By Adolphus’ account, Fixr grew sevenfold year-over-year in its last full year and is on track to grow ten times that figure in 2026. Remarkably, it has done all of this without raising a single naira from investors.

Traditional marketplace models posed a challenge: if a technician does excellent work, the satisfied customer often bypasses the platform the next time. If the technician underperforms, the customer simply does not return. Either way, the platform loses.

“We tried that model, and it does not scale. Whether customers come to us directly or we assign a technician, we lose,” Adolphus explains.

Fixr’s solution was radical: stop acting like an agency and start operating as a full-service contractor. Customers requesting a service never interact directly with technicians. Fixr handles assignment, parts procurement, reporting, customer communication, and payment.

“The customer comes to us, and they don’t have any business with the technician. Fixr has full control,” Adolphus says.

To make this model sustainable, all technicians are salaried employees—a significant fixed cost for a company without external funding. Salaries give Fixr authority over assignments, work quality, and follow-ups, ensuring accountability and consistency that marketplaces often cannot enforce.

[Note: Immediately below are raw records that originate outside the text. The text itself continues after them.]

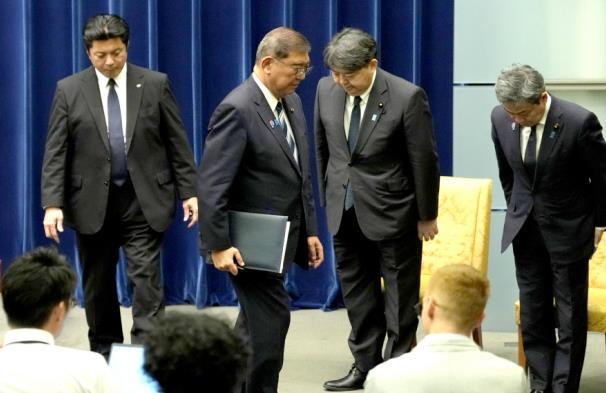 圖為當(dāng)?shù)貢r(shí)間2025年9月7日,日本首相石破茂(左二)在首相官邸舉行新聞發(fā)布會(huì)后離開。 CFP供圖
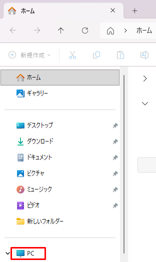 Windows + Eキーでエクスプローラーを起動し、左側のナビゲーションペイン(フォルダやドライブの一覧が並ぶ縦長の領域)で「PC」を選択する。
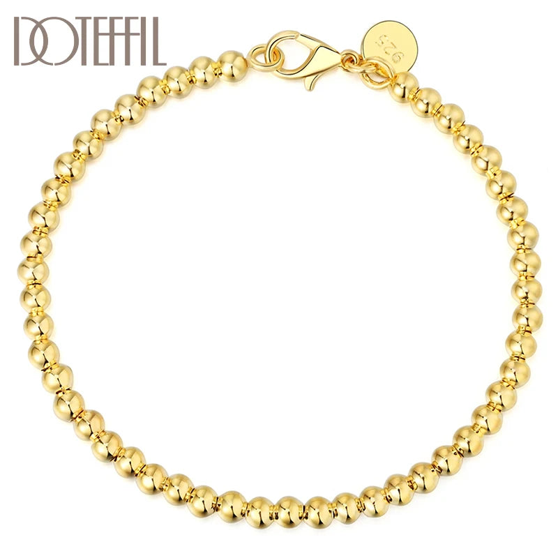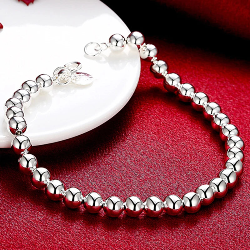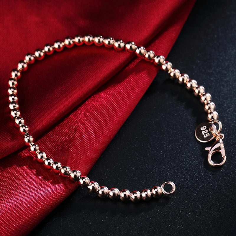 925 Sterling Silver 4mm Rose Bead Chain Bracelet
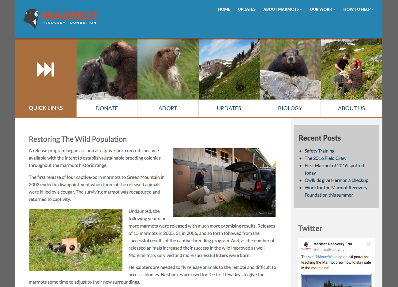 Cette association Canadienne tente de sauver de l'extinction la marmotte de l'ïle de Vancouver (Marmota vancouverensis) qui est présente uniquement sur quelques flancs de collines abruptes de l'Ile de Vancouver (Canada).
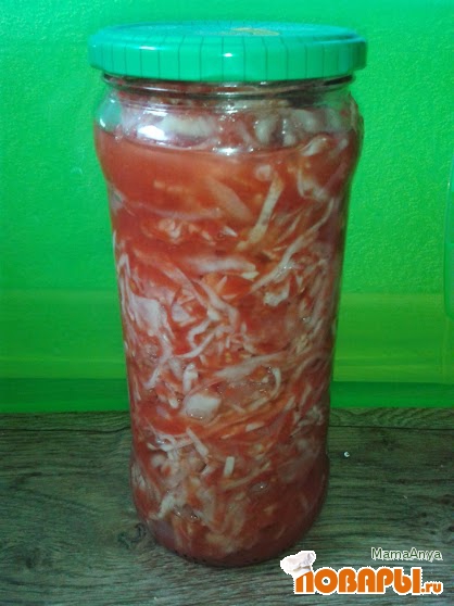 Банки простерилизовать, на дно каждой положить лавровый лист и перец, сверху выложить капусту в томатном соке. Банки закрыть крышками и спрятать до зимы.
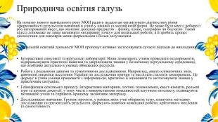 Природнича освітня галузь. На початку нового навчального року МОН радить педагогам організувати діагностику рівня сформованості результатів навчання в учнів у цікавій та мотивуючій формі. Це може бути квест, вебквест або інтегрований квест, що охоплює декілька предметів – фізику, хімію, географію чи біологію. Такий підхід допоможе не лише визначити «відправну точку» для подальшої роботи, а й зробить процес діагностики для школярів менш формальним і більш залучаючим. У подальшій освітній діяльності МОН пропонує активно застосовувати сучасні підходи до викладання:Інтерактивні симуляції та віртуальні лабораторії. Вони дозволяють учням проводити експерименти, відпрацьовувати практичні навички та закріплювати знання у безпечному віртуальному середовищі, що особливо актуально в умовах обмежених ресурсів. Робота з реальними даними та тематичними дослідженнями. Наприклад, аналіз кліматичних змін, вивчення динаміки населення України чи дослідження причин та наслідків спалахів захворювань. Це формує в учнів уміння працювати з інформацією, критично її оцінювати та застосовувати знання у практичних ситуаціях. Гейміфікація освітнього процесу. Інтерактивні вікторини, логічні головоломки, квест-кімнати, рольові ігри та наукові дискусії, у тому числі з використанням можливостей штучного інтелекту, підвищують мотивацію учнів та сприяють кращому засвоєнню матеріалу. Дослідницьке навчання. Групові проєкти, у рамках яких учні обирають тему, планують методику дослідження та презентують результати, формують навички командної роботи, критичного мислення та самостійності.
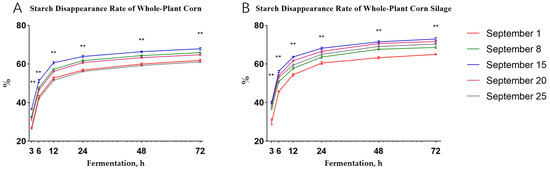 Starch disappearance rate of whole-plant corn and whole-plant corn silage (%). (A) Starch disappearance rate of whole-plant corn; (B) starch disappearance rate of whole-plant corn silage. Note: ** indicates an extremely significant difference (p < 0.01).
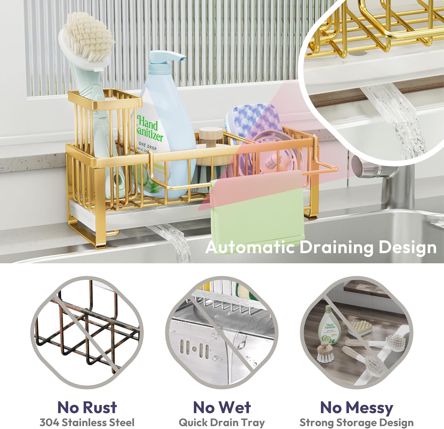 - [Automatic Draining]: Are you tired of cleaning the countertop?SWTYMIKI sponge holder for kitchen sink with 360° rotatable draining pipe can help you! Just put the sink caddy next to the sink, the water will drain automatically into the sink
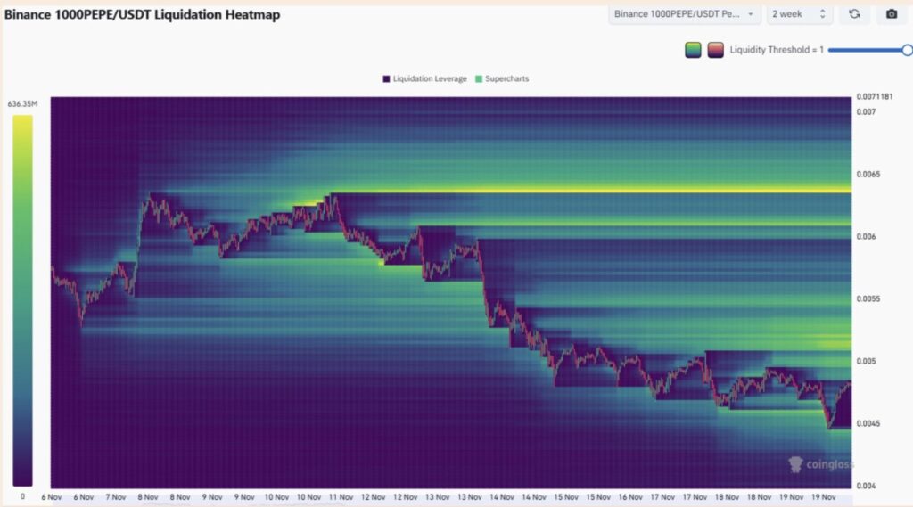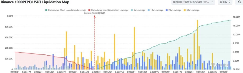 Peta panas likuidasi (liquidation heatmap) menunjukkan bahwa area harga $0.000005 hingga $0.0000055 penuh dengan potensi likuidasi posisi short. Ini menjadikannya sebagai target paling mungkin untuk terjadinya pantulan harga.

Fixr operates in seven core engineering categories: HVAC, renewable energy and solar, electrical and fitting, electronics, CCTV and surveillance, fibre optics and communications, and home automation. These sectors were deliberately chosen for scalability and long-term relevance.

The renewable energy segment, in particular, has been transformative. Fixr not only installs solar systems but also offers a financing product for customers who cannot afford upfront payments. Partnering with institutions like Checkoff Finance and Sterling Bank, the company provides asset-backed credit with flat interest rates of 4% per month and repayment cycles from three to twelve months. Early repayments are charged only for the months used. This product alone has generated nearly ₦5 billion in GMV over two years.

Adolphus emphasizes that Fixr is not a software company. it’s a service business layered with technology. Akangbe, his co-founder, ran an electrical repair outlet before they met. The technology at Fixr is designed to democratize and scale value, not just build apps.

Fixr’s tech stack has three layers:

  1. Internal operations software to track jobs, assignments, components, and maintenance schedules.
  2. Technician-facing app for task visibility, logistics support, and performance tracking.
  3. Customer-facing app for service requests, maintenance management, inspection reports, component costs, and solar loan tracking.

The apps are particularly useful for subscription customers and solar financing clients, enabling smooth operations and accountability.

Fixr has grown without venture capital, relying on reinvested profits and structured debt from partners like Sterling Bank and Checkoff Finance. This model has required careful financial discipline, optimizing cost allocation, leveraging credit lines for working capital, and reinvesting margins rather than distributing them. The approach has slowed expansion but insulated the company from equity dilution and investor pressure that can destabilize other startups.

The results speak for themselves. Since launching in its current form in early 2023, Fixr’s revenue exceeded ₦3 billion in 2025. Adolphus expects 2026 to deliver a tenfold increase, proving that with the right mix of trust, discipline, and technology, a homegrown service business can scale without outside funding.